高仙鈺唇角閃出一絲的譏笑:“你現在說這些又能幹什麽呢?這些天以來,你背後所做的事情,哪一件不是在對付我?”很顯然,對於莊墨的話,他不信。

“是嗎?”莊墨淡淡的反問,而後低眉莞爾一笑:“太子殿下你細細想一想,不管是禁軍統領,還是蘭臺令,再到尚書令,這些官員,說的好聽寫是歸屬與你,但是若是真正的算起來,你說他們是聽你這個太子的?還是聽相國的?”

“你什麽意思?”

“我的意思是說,太子殿下你為他人做了嫁衣,自己還樂在其中不知。”

高仙鈺騰的怒了起來,擡腳便是在莊墨胸前踢了一腳,他怒道:“這個時候了,你竟然還在離間我與相國,當真是活得不耐煩了!”

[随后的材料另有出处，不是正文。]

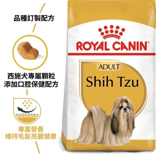 Suitable for dogs over 10 months old, ROYAL CANIN Shih Tzu Adult is specially formulated with all the nutritional needs of your adult Shih Tzu in mind.ROYAL CANIN Shih Tzu Adult contains an exclusive combination of nutrients that help to maintain your dog's skin health – which in turn positively affects the health of its coat. This formula includes the omega-3 fatty acids EPA and DHA, as well as an enrichment of borage oil Healthy skin Shih Tzu Adult helps support the skin’s “barrier” role (exclusive complex), maintain skin health (EPA & DHA, vitamin A) and nourish the coat. Enriched with borage oil. Dental health This formula helps reduce the risk of tartar formation thanks to calcium chelators. Stool & odour reduction This formula helps reduce faecal smell and volume. Exclusive kibble design: special brachycephalic jaw A kibble exclusively designed to make it easier for the Shih Tzu to pick up and to encourage him to chew. COMPOSITION: rice, dehydrated poultry protein, animal fats, vegetable protein isolate*, hydrolysed animal proteins, vegetable fibres, beet pulp, minerals, fish oil, soya oil, fructo-oli¬go-saccharides, borage oil (0.1%), marigold extract (source of lutein), hydrolysed crustaceans (source of glucosamine), hydrolysed cartilage (source of chondroitin). ADDITIVES (per kg): Nutritional additives: Vitamin A: 29500 IU, Vitamin D3: 800 IU, E1 (Iron): 56 mg, E2 (Iodine): 5 mg, E4 (Copper): 13 mg, E5 (Manganese): 63 mg, E6 (Zinc): 142 mg, E8 (Selenium): 0.15 mg - Technological additives: Clinoptilolite of sedimentary origin: 10 g - Sensory additives: Tea extract (source of polyphenols): 150 mg - Preservatives - Antioxidants. ANALYTICAL CONSTITUENTS: Protein: 24.0% - Fat content: 20.0% - Crude ash: 5.8% - Crude fibres: 3.0% - Per kg: Pentasodium triphosphate: 3.5 g - EPA/DHA: 3 g. FEEDING INSTRUCTIONS: see table. Batch number, factory registration number and best before date: see information on packaging. To be stored in a cool, dry place. *L.I.P.: protein selected for its very high digestibility.

這重重的一腳踢在身上很疼,莊墨手撫胸口,被這一腳踢的頭有些懵懵的,然而這些莊墨卻都未曾表現出來,下一刻,他低著頭說道:“太子殿下是惱羞成怒了麽?還是說,被我這麽一說,連太子殿下自己都這麽覺得。”他語氣稍頓,擡眸看向震怒的高仙鈺,問道:“太子殿下還記得前段時間被人殺害的思羽姑娘麽?”

莊墨突然提及思羽,高仙鈺不知道她究竟與這件事有什麽關系,但是不可否認的是,莊墨的話成功的勾起了他的疑心。

“說!”他憤怒的甩袖,而後背對著莊墨,命令道。

“五年前,瑤州廖家一家在一夜之間,被人全部殺死,而殺死廖家一家的,便是當時秘密為相國做事的七殺堂二堂主,曲陽,思羽便是廖家唯一幸存的孩子。世人皆知瑤州廖家,是為人打造首飾的,並不涉及江湖事,可是曲陽為何會殺滅了他們一家呢?”

高仙鈺背對著莊墨,緊呡雙唇,不語。

“因為當年他們接了一筆大單子,聽思羽講過,當年一位出手很是闊綽的人,來他們家給了一張圖紙,稱圖紙上頭的東西十分的重要,要秘密做,那人著重提醒了一句,上頭的龍紋要栩栩如生。什麽東西會刻上龍紋呢?且事情做得這麽隱秘,事後不惜殺害全家人的性命,去保住這個秘密。”

莊墨這句話猶如一個炸雷,驚著了高仙鈺,答案在那一刻閃現在腦中,他不敢置信的轉身,驚道:“你是說,玉璽?”

而莊墨只是定定的看向他,不需要說一個字,就能讓高仙鈺篤定心頭的答案。。

然而,這個答案高仙鈺卻不怎麽相信,他搖頭道:“不可能。”

“為什麽不可能?”莊墨淡淡的反問道:“就是因為他是你的舅舅?這麽些年來都盡心的為你謀事,不願意再往高處爬?還是你覺得,他私造玉璽,是為你了?”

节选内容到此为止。